Saturday, August 09, 2008

Court of Appeqals Controversy No. 11: Second day of hearing

The inquirer reporta on the proceedings of the second day of hearing by the investigating panel on the CA controversy. Click here.

La Vida Lawyer notes these highlights:

Answering a series of questions from Callejo, she said she signed the copies of a supposedly final decision on the Meralco case that Roxas had brought to her office on July 8 even without deliberations being conducted on it. She said it was the usual practice in many divisions.

Callejo reminded her that was contrary to court rules.

Vidal justified her decision to sign, saying that she believed Roxas when he said it was “a matter of urgency.”

But when Callejo asked what the urgency was about, Vidal replied she did not ask Roxas. She later added that it was “for Justice Roxas to answer,” eliciting laughter from the audience. Callejo was not amused.

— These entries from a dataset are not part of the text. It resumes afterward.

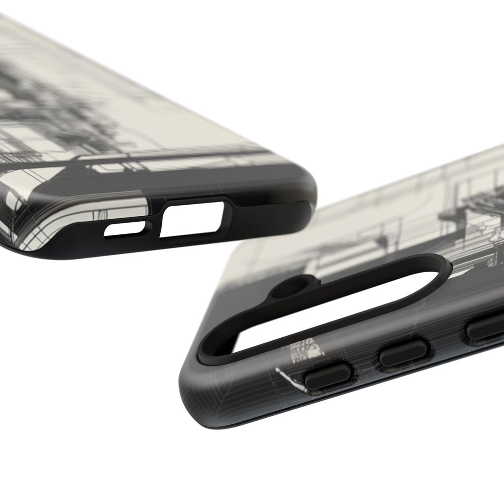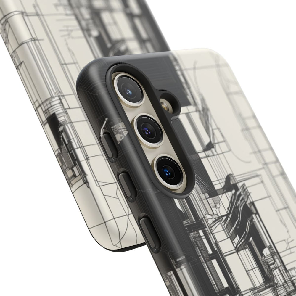 Dit hoesje heeft een abstract stadsgezicht, gevormd door fijne zwarte lijnen op een lichte achtergrond. Het ontwerp bestaat uit een speelse combinatie van geometrische vormen en architectonische details, wat zorgt voor een minimalistische en moderne uitstraling. Het stevige hoesje bestaat uit twee lagen: een matte polycarbonaat buitenkant en een TPU binnenzijde voor extra bescherming en duurzaamheid. Geschikt voor draadloos opladen en bestand tegen weersinvloeden.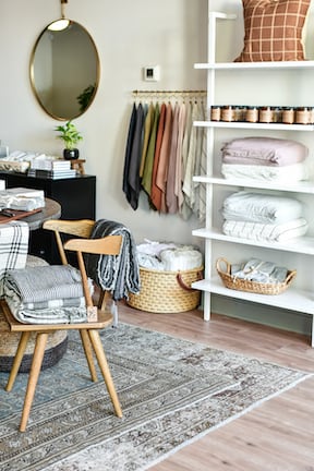 Sanabria is known for seamlessly blending old with new and designing spaces that are truly family-friendly while honoring a home’s architecture. She selected many of the stores’ brands as “Partners with Purpose” — each being a small business that represents an important cause including eco-friendly and cruelty-free items, naturally-sourced products, women-owned companies, and those with strong charitable components. Such brands include Apotheke, Cultiver, Heddle & Lamm, Jaipur Living, Freres Branchiaux, Fair + Simple, Passerine, Poppy & Pout, Sunday Candle Co., Second Story Honey, and Jungle & Loom.
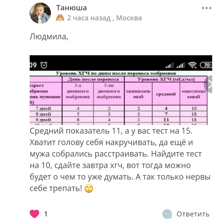 Тата, доброе утро,мы с вами почти одновременно выложили посты....У меня тоже глухо....к сожалению. Блин....Может октябрь такой не удачный....Смотрю ленту и кто тоже перенос делал в наших числах, ни одного положительного результата....капец.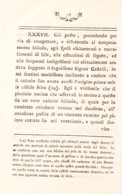 Dell'uscita di una pietra per la via dell'esofago : dissertazione storico-fisica / di Antonio Moreali.

“Do not just rely on the word of our colleagues; you must conduct your own research and study so that we can serve the people judiciously. Otherwise you’ll only be a robot,” Callejo said.


Callejo also asked why Vidal signed the copy even if a pending motion for Roxas to inhibit himself remained unresolved.

“It was improper for the court to proceed with the hearing without Justice Roxas resolving the motion,” he said.

Vidal replied that she brought the decision home, studied it and did her own research. She said she agreed with its contents. She said she gave the decision back to Roxas the next day and was hurt when she found that another division came out with a decision and that the documents she had signed were mere drafts.

It turned out that deliberations on the case were conducted by Reyes and Roxas, together with Justice Apolinario Bruselas Jr. The Eighth Division eventually came out with the decision dismissing the case in favor of Meralco on July 23.

Callejo said he hoped Vidal learned her lesson and the latter also apologized for the lapses she had committed.

And then there was the question of Roxas’s traveling bag.

According to Vidal, Roxas was carrying the “voluminous” records of the case when he went to her office to personally bring her the copy of the decision that he had penned.